A review by aziraphales
On the Farm: Robert William Pickton and the Tragic Story of Vancouver's Missing Women by Stevie Cameron

dark sad tense slow-paced

4.5

nightmare nightmare nightmare.  complete and utter failure of the justice system.  evil from pickton himself to the vpd to the presiding judge.  so much love and community and tireless work by the families and institutions like WISH, all dashed because the life of an addicted woman or a sex worker is something the courts can simply turn away from.  it doesn't matter.  these women loved and were loved and no one was allowed to truly speak for them when it came time for robert pickton to get some kind of retribution.
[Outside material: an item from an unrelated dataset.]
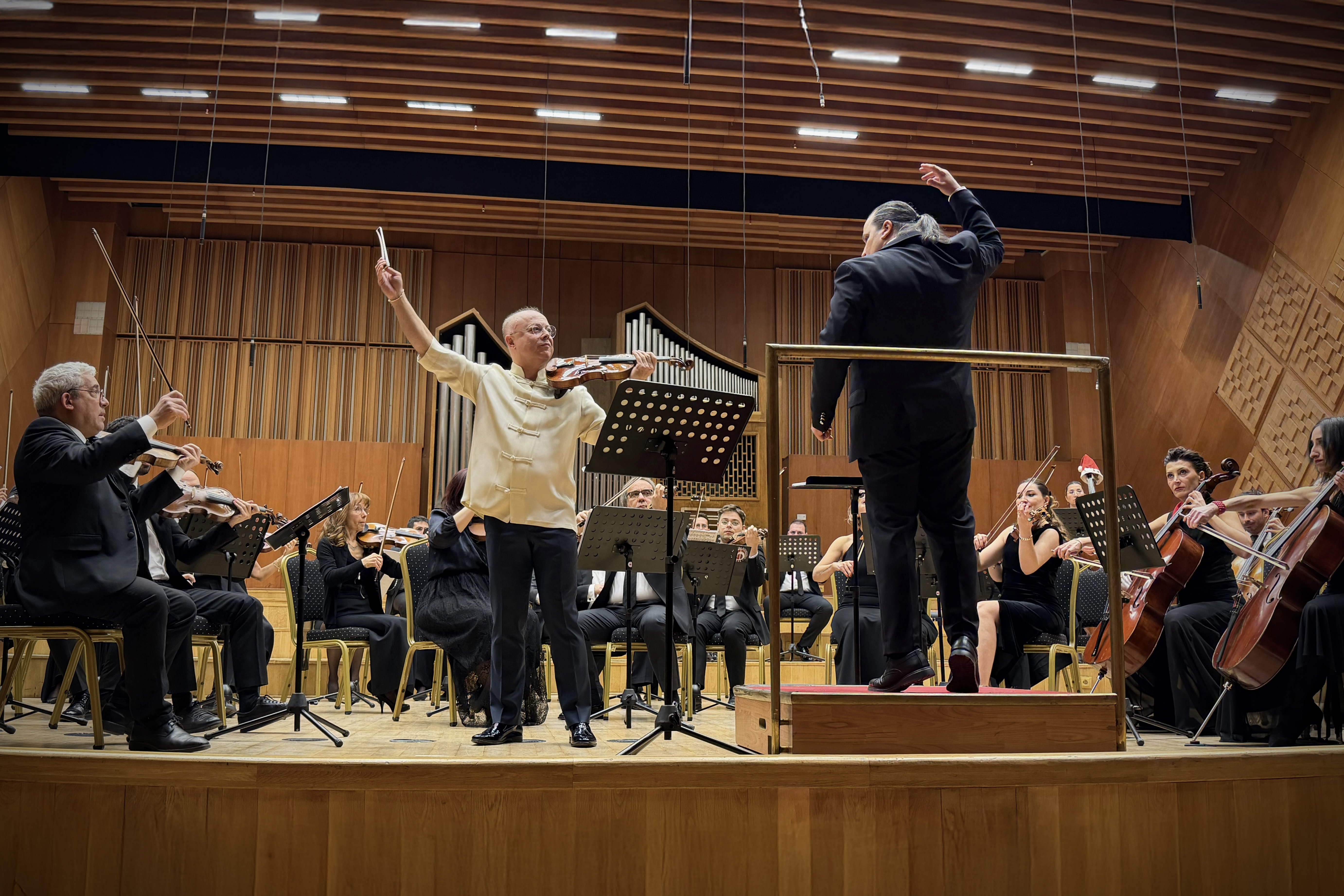 Gecenin solisti Devlet Solist Sanatçısı Tuncay Yılmaz, bu anlayışın günümüzdeki güçlü karşılıklarından biri olarak sahnedeydi. Yılmaz’ın virtüozitesi, teknik gücü sergileme telaşına düşmeyen; müziğin doğal akışına hizmet eden olgun bir yorum anlayışına dayanıyor. Kemanından yükselen ses, parlaklığını zorlayarak değil; tonun içinden, cümlenin mantığından ve müzikal nefesin sürekliliğinden doğuyordu. Yılmaz’ın Mozart yorumunda, hız ve çevikliğin ötesinde, klasik denge duygusu ve form bilinci belirleyiciydi. Bu, virtüozitenin sessiz ama ikna edici hâlidir.

i've seen some other reviews complaining that stevie cameron spent too long going over the details of each missing woman.  not to get too heated, but if you came into this book wanting the juicy details of their deaths and the butchery their bodies were subjected to, shame on you for not wanting to take the time to understand the people they were.  this is a long, difficult book that had me in tears multiple times.  there is a rage in me about these women -- and any other marginalized person from the DTES who disappears not because no one cares for them, but because our systems don't care for them -- that i never want to lose.  the very least you can do, if you're hoping to get some sort of edgy shiver out of reading descriptions of the dismemberment of human bodies, is spend some time learning who these women were and the giant spaces they left in their communities when they disappeared.